Without a mechanism that makes people feel secure and safe about keeping their assets in the domestic currency, they will seek to do under-the-counter transactions in one way or another, Mr Hai argued.

Gold rings instead of gold bars

For two weeks, the domestic gold price continued hovering around VND37.7 million per tael. Now, it has decreased by VND650,000 to VND37 million per tael.

Last weekend, the number of people buying gold bars dropped significantly but those buying gold rings increased considerably, according to some jewelry shops in Hanoi.

Many said they had decided to buy gold rings due to rumours that the trading of gold bars would be banned soon.

At the moment, gold rings are sold at the same price as gold bars so at times they are not enough available for sale.

According to jewelry businesses, a ban on trading gold bars in the free market has made many people reluctant to sell or buy gold, leading to a decline in the domestic price to the same level as the world price.

The upside is that the domestic price will track the world price to make it possible to control and prevent the drain of foreign currencies and price hikes in the gold market like in November 2009 or November 2010 when the domestic price was VND3.6 million per tael, even higher than the world one.

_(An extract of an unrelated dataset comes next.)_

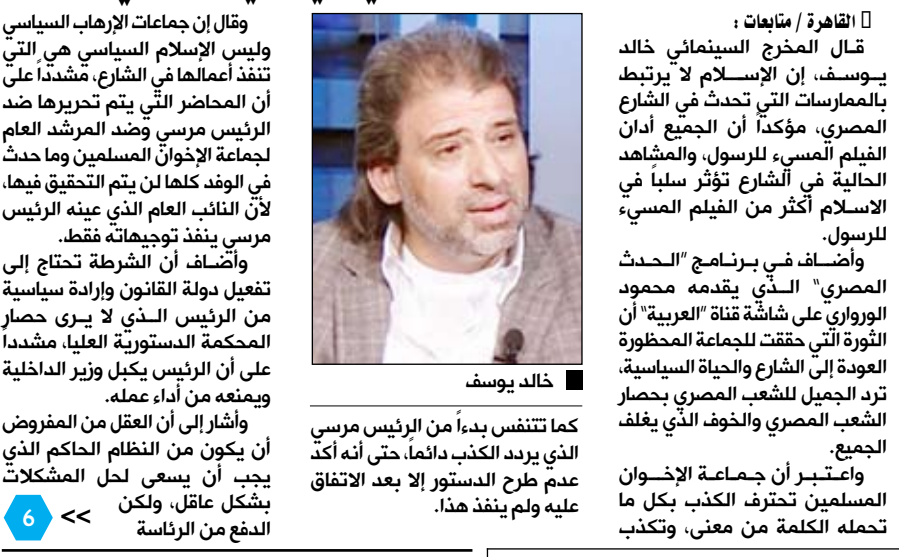
صنعا / مناعيات: خالد يوسف

صنعا / مناعيات: خالد يوسف قال المخرج السينمائي خالد يوسف، إن الإسلام لا يرتبط بالممارسات التي تحدث في الشارع المصري، مؤكداً أن الجميع أدان الفيلم المسيء للرسول، والمشاهد الحالية في الشارع تؤثر سلباً في الإسلام أكثر من الفيلم المسيء للرسول. وأضاف في برنامج "الحدث المصري" الذي يقدمه محمود الرواوي على شاشة قناة "العربية" أن الثورة التي حققت للجماعة المحظورة العودة إلى الشارع والحياة السياسية، ترد الجميل للشعب المصري بحصار الشعب المصري والخوف الذي يغلفه المجتمع. واعتبر أن جماعة الإخوان المسلمين تحترف الكذب بكل ما تحمله الكلمة من معنى، وتكذب وقال إن جماعات الإرهاب السياسي وليس الإسلام السياسي هي التي تنفذ أعمالها في الشارع، مشدداً على أن المحاصر التي يتم تحريرها ضد الرئيس مرسي وضد المرشد العام لجماعة الإخوان المسلمين وما حدث في الوند كلها لن يتم التحقيق فيها، لأن النائب العام الذي عينه الرئيس مرسي ينفذ توجيهاته فقط. وأضاف أن الشرطة تحتاج إلى تفعيل دولة القانون وإرادة سياسية من الرئيس الذي لا يرى حصار المحكمة الدستورية العليا، مشدداً على أن النائب العام يكيل وزير الداخلية ويمنعه من أداء عمله. وأشار إلى أن العقل من المفروض أن يكون من النظم الحاكم الذي يجب أن يسعى لحل المشكلات بشكل عاقل، ولكن الدفاع من الرئاسة

Not just for efficiency gains

How to mobilise gold bars from the free market when transactions are banned is a challenging question since not all citizens like to sell them to banks.

Nguyen Hoang Hai said it would be fair and reasonable not to ban trading gold bars in the free market and keeping individual assets in gold. Once people need money they can sell gold to State Banks at the world price. This is the State Bank’s suggestion to ensure their benefits. However, to make it feasible, the State should devise regulations on trading gold jewelry in order to prevent shifts from gold bar to gold jewelry trading or from gold to foreign currency trading.

In many countries, idle money will be deposited at banks or invested in securities, instead of buying foreign currencies, gold and real estate and such a steady flow of capital into the bank will make the national economy ever stronger.

In his opinion, as idle money is not controlled tightly people like to buy gold, foreign currencies or real estate. Vietnam should learn experience from other countries to adapt itself.

Managing foreign currency and gold bar trading in the free market needs a roadmap with comprehensive measures.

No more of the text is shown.